Она долго молчала. Даже испугался: как бы в истерике чего не натворила там.
– Встречалась?
– Вот ты о чем… – ответила наконец упавшим и постаревшим сразу голосом. – Вот о чем…
И положила трубку.
Первый мой порыв – немедленно ехать к ней. Попросить прощения, выяснить все и забыть. Ну, произошла глупость, если верно говорит Тося. Но нельзя же вот так обрывать все концы! Где же великодушие? Когда мы научимся понимать, выслушивать? Попадет шлея под хвост, закусим удила и несемся вскачь, ничего не слышим и не видим. Есть только наше задетое самолюбие, наша боль. А боль других, страдания, причиненные муки, крушение надежд? Принимать это во внимание или нет? Идти, не оглядываясь, по головам, лелея собственную боль, как раненую руку, остужая сердце, порождая неверие?

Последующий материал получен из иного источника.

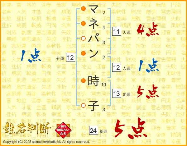 マネパン時子さんの天運は11画の4点!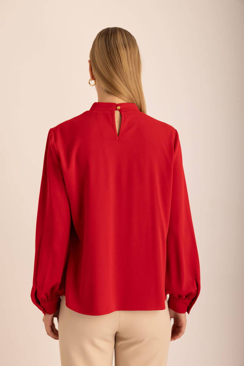 Ekru Kol Ucu Dikiş Detaylı Viscon Tunik

Аня не позвонила. Я метался по квартире, потерял интерес к работе, отбывал время в лаборатории как по принуждению. Посматривал на часы, зло чертыхался, – стрелки замедляли ход, казалось, примерзли к циферблату.
На третий день не выдержал такой пытки, уехал к ней. Брошусь к ногам, извинюсь за такое сумасбродство. Поругает, поплачет и простит. Конечно, простит. Нельзя же из-за ерунды ломать жизнь, лишать самого дорогого. Глупо получилось, уязвленное самолюбие заговорило, затмило здравый смысл. Должна Аня это понять и поступиться гордыней. Да и оправдание у меня есть: как должен был действовать? Махнуть рукой? Не тряпка же…
Аня сразу открыла дверь, словно все эти дни стояла и ждала моего прихода. Боже, как она изменилась! Глубокие тени под глазами, лицо побледневшее, осунувшееся, а главное – ее глаза… Скорбные, потухшие, как зола костра. В них уже не светились искорки.
– Прости меня, прости! – Я опустился перед ней на колени, обнял ее ноги, целовал руки, которые держала она безвольно опущенными.
– Встань, – попросила, – а то я заплачу сейчас. – Встань… – Сама попыталась поднять меня, но уронила руки и, не в силах совладать с собой, разрыдалась.
– Выбрани меня, побей, а нет – выгони!
– За что, Андрюшенька? Ох, горюшко ты мое…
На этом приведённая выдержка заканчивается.